Type out the listing below exactly. Pictures stay out of it.

Collected material START

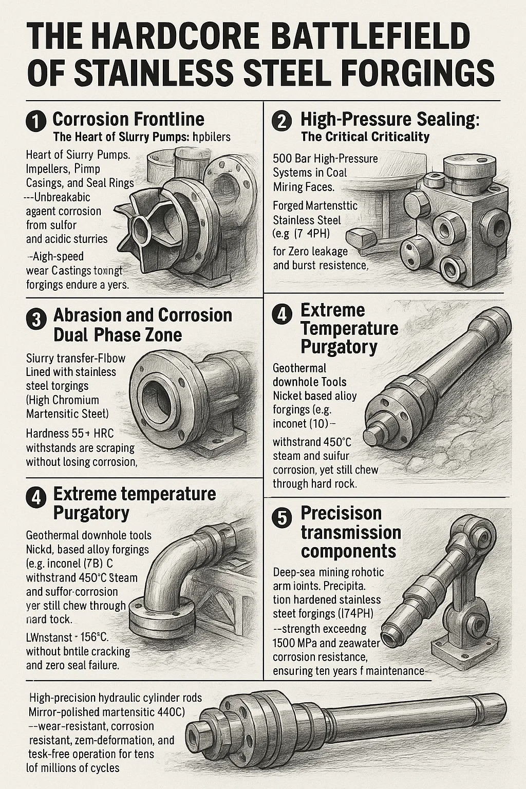 Gelenke von Roboterarmen für den Tiefseebergbau: Ausscheidungsgehärtete Schmiedeteile aus rostfreiem Stahl (17-4PH) – Festigkeit über 1500 MPa und Korrosionsbeständigkeit gegenüber Meerwasser, wodurch zehn Jahre lang wartungsfreie Gelenke gewährleistet sind.
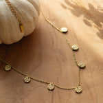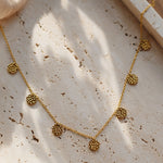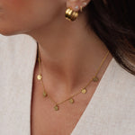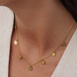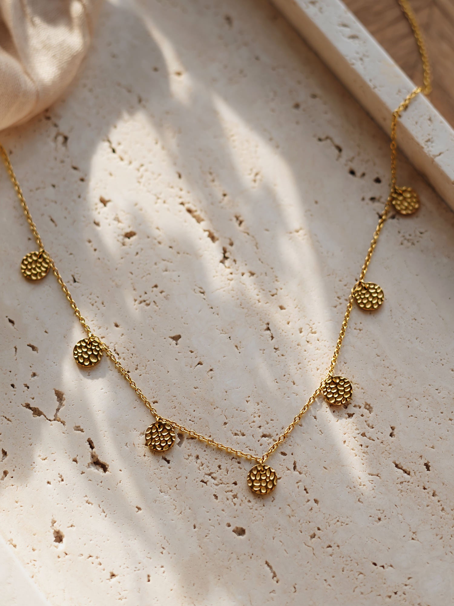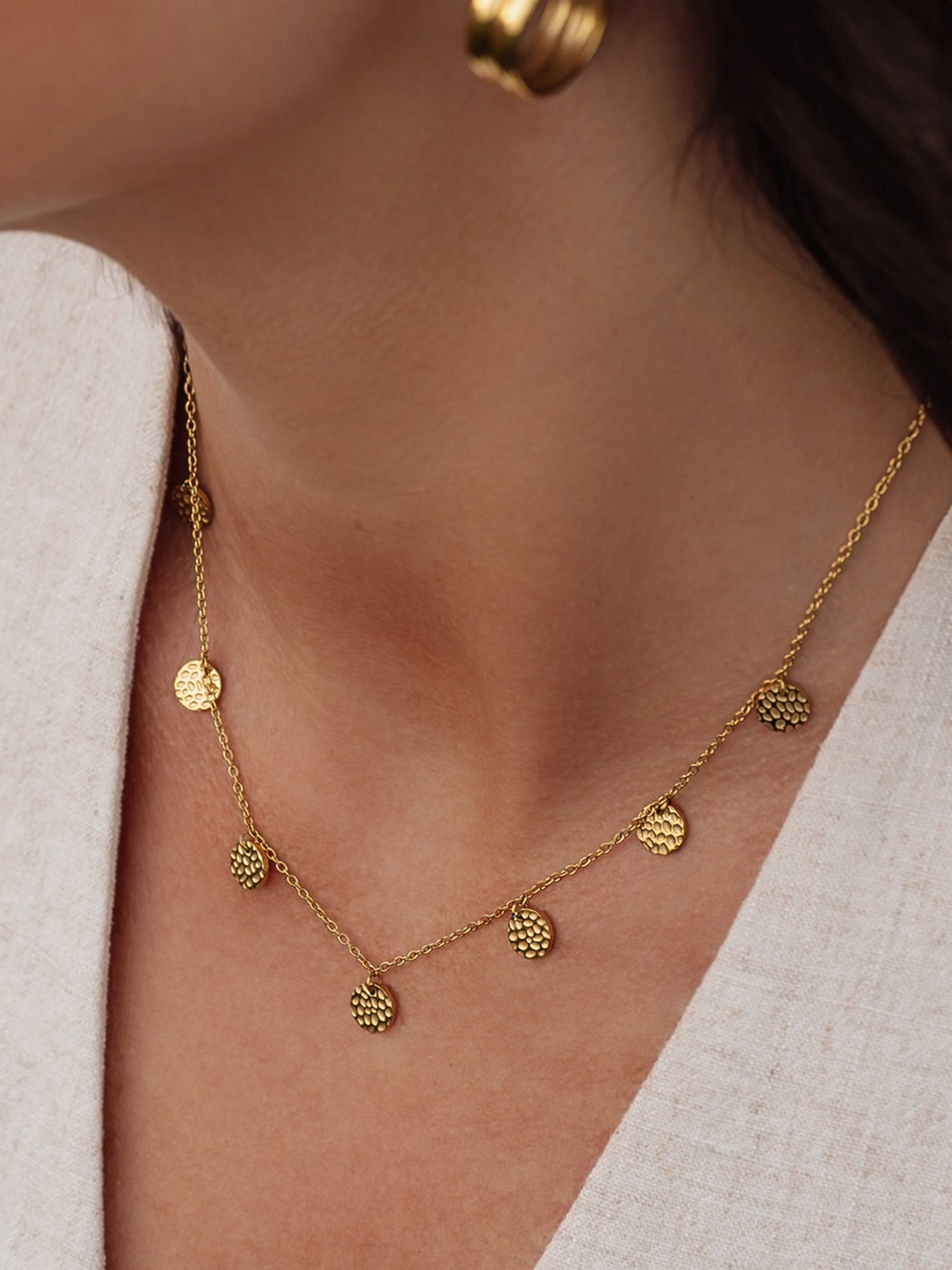 Add the perfect touch to your outfit with our Hammered Coins Necklace Gold. This delicate link chain made of 18-karat gold-plated stainless steel is adorned with several hammered coin pendants and is adjustable in length from 40 to 45 cm. Our Hammered Coins Necklace Gold is nickel-free, allergy-friendly, and therefore suitable for sensitive skin.
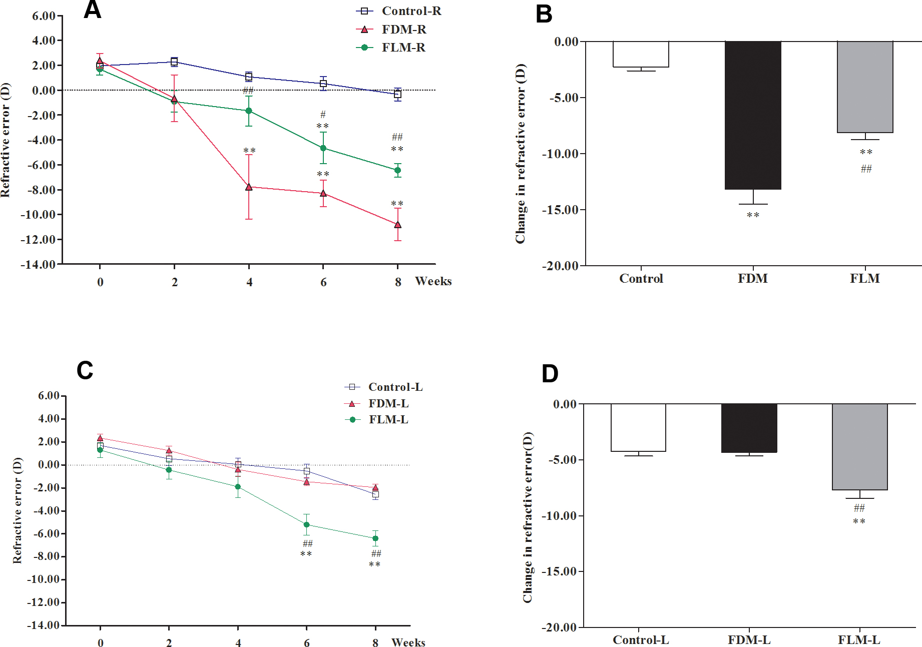 Figure 1. Refractive comparisons in bilateral eyes of the control, FLM, and FDM groups during the 8-week treatment period. A: Refraction of the right eyes in the three groups throughout the experiment. B: Refractive changes of the right eyes in the three groups after 8 weeks of treatment. C: Refraction of the left eyes in the three groups throughout the experiment. D: Refractive changes of the left eyes in the three groups after 8 weeks of treatment. The calculation of change was based
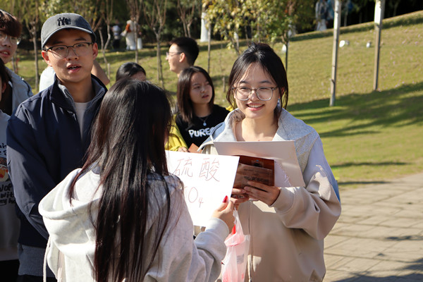 “镇长离奇失踪,唯一的线索竟藏在化学方程式里!”11月30日,校园里上演了一场沉浸式“化学探案”——化学与医药工程学院打造的“化学知识大冒险”趣味科普活动,吸引了各专业学生化身“校园侦探”,在任务中破解谜题、收集线索。活动现场气氛热烈,笑声与讨论声此起彼伏,同学们在推理中学习化学,在协作中激发科学热情。

Collected material END

Answer section →
 Gelenke von Roboterarmen für den Tiefseebergbau: Ausscheidungsgehärtete Schmiedeteile aus rostfreiem Stahl (17-4PH) – Festigkeit über 1500 MPa und Korrosionsbeständigkeit gegenüber Meerwasser, wodurch zehn Jahre lang wartungsfreie Gelenke gewährleistet sind.
 Add the perfect touch to your outfit with our Hammered Coins Necklace Gold. This delicate link chain made of 18-karat gold-plated stainless steel is adorned with several hammered coin pendants and is adjustable in length from 40 to 45 cm. Our Hammered Coins Necklace Gold is nickel-free, allergy-friendly, and therefore suitable for sensitive skin.
 Figure 1. Refractive comparisons in bilateral eyes of the control, FLM, and FDM groups during the 8-week treatment period. A: Refraction of the right eyes in the three groups throughout the experiment. B: Refractive changes of the right eyes in the three groups after 8 weeks of treatment. C: Refraction of the left eyes in the three groups throughout the experiment. D: Refractive changes of the left eyes in the three groups after 8 weeks of treatment. The calculation of change was based
 “镇长离奇失踪,唯一的线索竟藏在化学方程式里!”11月30日,校园里上演了一场沉浸式“化学探案”——化学与医药工程学院打造的“化学知识大冒险”趣味科普活动,吸引了各专业学生化身“校园侦探”,在任务中破解谜题、收集线索。活动现场气氛热烈,笑声与讨论声此起彼伏,同学们在推理中学习化学,在协作中激发科学热情。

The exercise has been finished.